Provided records

══════════════════════════════

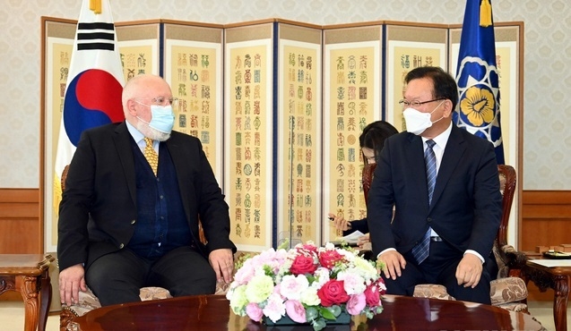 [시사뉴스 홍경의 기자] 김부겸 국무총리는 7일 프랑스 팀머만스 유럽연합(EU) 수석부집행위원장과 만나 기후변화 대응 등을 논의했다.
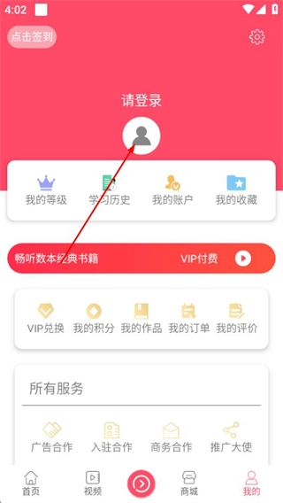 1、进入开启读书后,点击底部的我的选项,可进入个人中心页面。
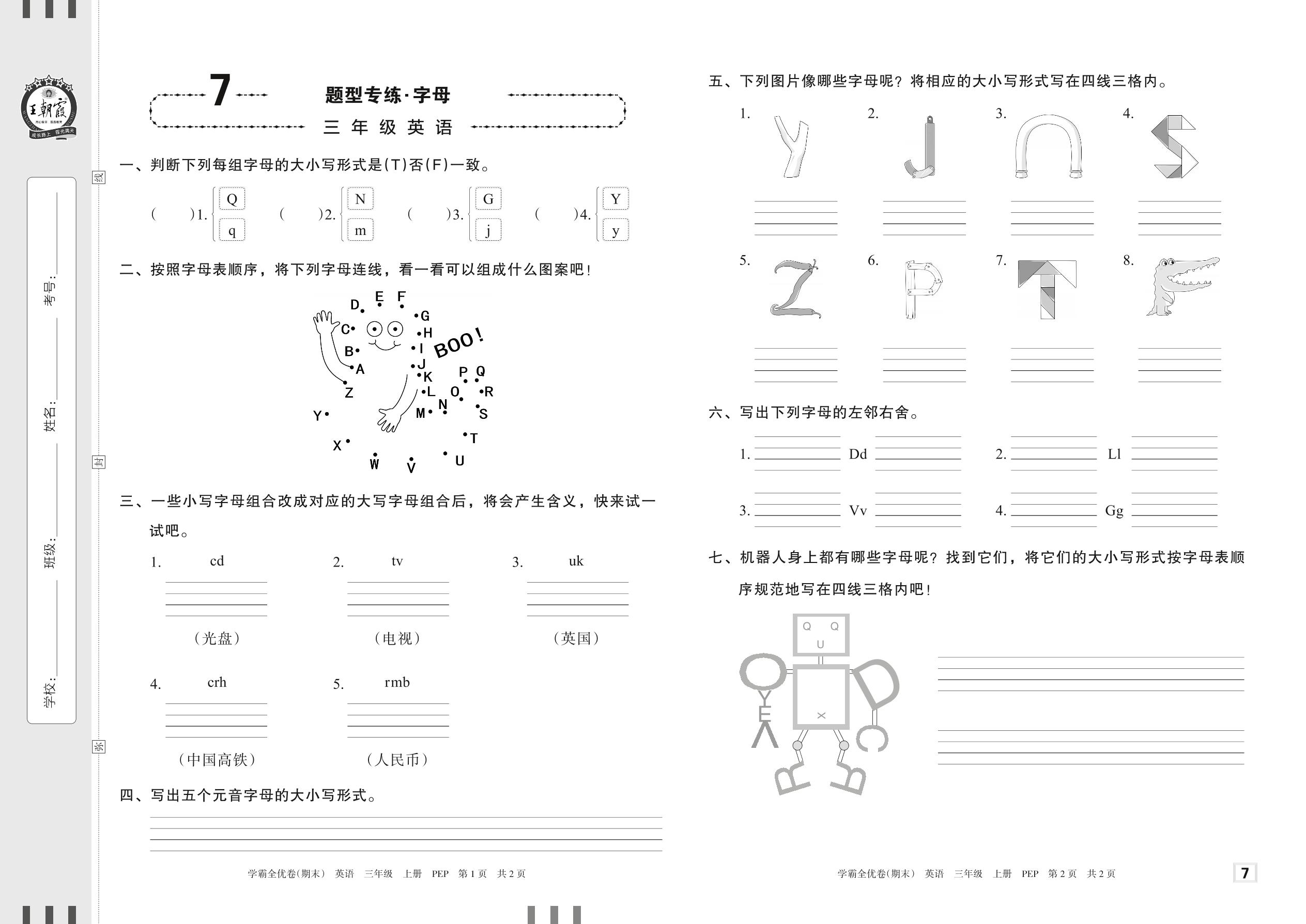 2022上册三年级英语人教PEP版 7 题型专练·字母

══════════════════════════════

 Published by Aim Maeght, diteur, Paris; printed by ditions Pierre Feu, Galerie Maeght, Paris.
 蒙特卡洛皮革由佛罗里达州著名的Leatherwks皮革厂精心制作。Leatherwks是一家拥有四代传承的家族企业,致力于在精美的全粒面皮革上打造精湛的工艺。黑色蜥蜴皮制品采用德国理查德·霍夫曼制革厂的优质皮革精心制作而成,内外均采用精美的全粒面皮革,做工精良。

══════════════════════════════

To do
In the listing above, find the line containing "[시사뉴스 홍경의 기자]" and the line containing "2022上册三年级英语人教PEP版 7 题型专练·字母", then write out both of them and every line between, exactly, with no pictures.

Reply
 [시사뉴스 홍경의 기자] 김부겸 국무총리는 7일 프랑스 팀머만스 유럽연합(EU) 수석부집행위원장과 만나 기후변화 대응 등을 논의했다.
 1、进入开启读书后,点击底部的我的选项,可进入个人中心页面。
 2022上册三年级英语人教PEP版 7 题型专练·字母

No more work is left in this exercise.